A GPU-Accelerated Fully Coupled Fluid-Solid-Thermal SPH Solver for Industrial Gearboxes: Application to Lubricant Flow and Heat Transfer in a Bevel-Helical Reducer

TL;DR

This paper introduces a GPU-accelerated fully coupled fluid-solid-thermal SPH framework for detailed analysis of gearboxes, revealing how operational parameters affect lubrication dynamics and heat transfer with significant computational speedup.

Contribution

The study develops a novel GPU-based fully coupled SPH solver enabling high-fidelity thermo-fluid simulations of gearboxes, demonstrating its effectiveness and providing new insights into thermal and fluid dynamics.

Findings

Churning losses increase nearly tenfold with speed.

Lubricant temperature rise decreases by 3-4 times as speed increases.
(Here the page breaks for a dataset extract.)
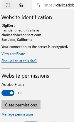 Intento abrir una grabación de una conferencia de la cual me compartieron la URL pero me sale el aviso Adobe Connect requiere Flash Player 13.0 o posterior, ya revise y flash player esta actualizado y activado pero sigue saliendo el aviso, he probado en Chrome y Edge y en los dos es la misma situación. Mi S.O es Windows 10
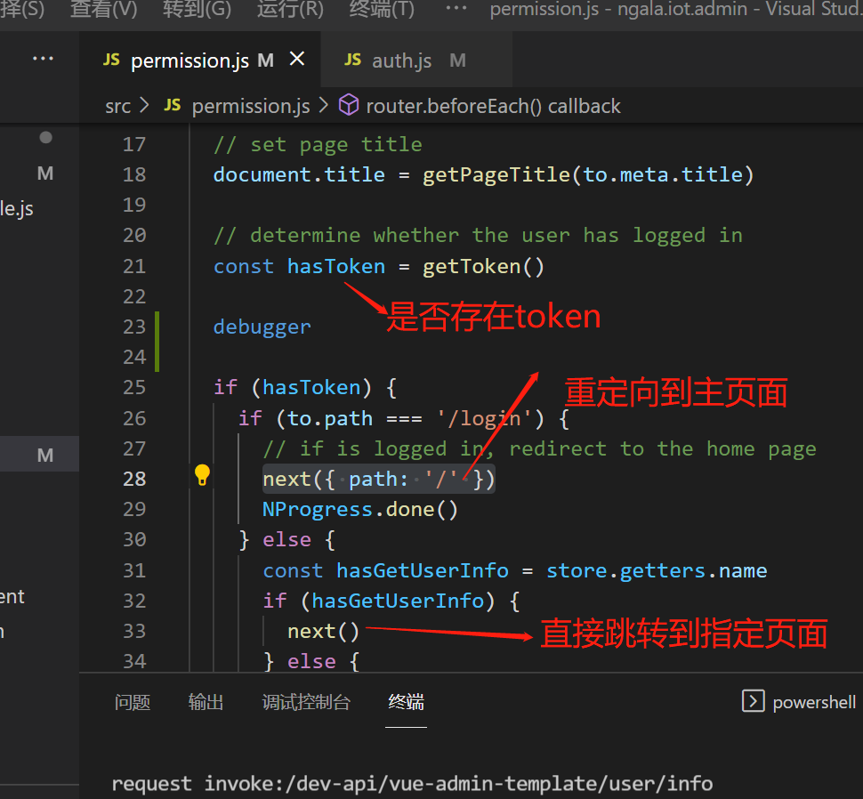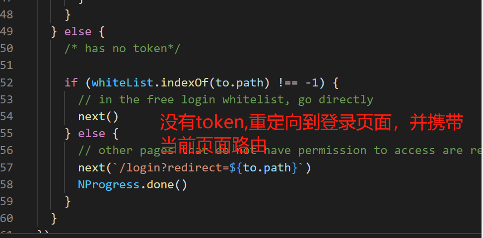 后台页面页面——>(permission.js)进行权限判断,存在token则直接跳转到目标反问页面,不存在token,重定向到登录页面

GPU acceleration achieves 7-9x speedup over CPU simulations.

Abstract

This study presents a GPU-accelerated, fully coupled fluid-solid-thermal Smoothed Particle Hydrodynamics (SPH) framework for high-fidelity analysis of splash-lubricated gearboxes. A series of thermo-fluid simulations of a bevel-helical gear reducer were conducted by varying shaft speed, oil immersion depth, and lubricant viscosity to evaluate their influence on splash dynamics, churning losses, and lubricant temperature rise. The results show that churning losses increase by nearly an order of magnitude as the speed rises from 150 to 600 rad/s, while the corresponding lubricant temperature rise becomes approximately three to four times smaller. Variations in immersion depth and viscosity adjust the heating rate only modestly-typically within 10-20%-with their influence reversing between low- and high-speed regimes. The GPU backend provides a 7-9 speedup over a high-performance desktop CPU, enabling multi-million-particle, full-gearbox thermo-fluid simulations without specialized hardware. These findings demonstrate the feasibility of high-fidelity thermal analysis of industrial gearboxes and provide quantitative insight into the coupled splash, churning, and heat-transfer mechanisms that govern gearbox thermal performance.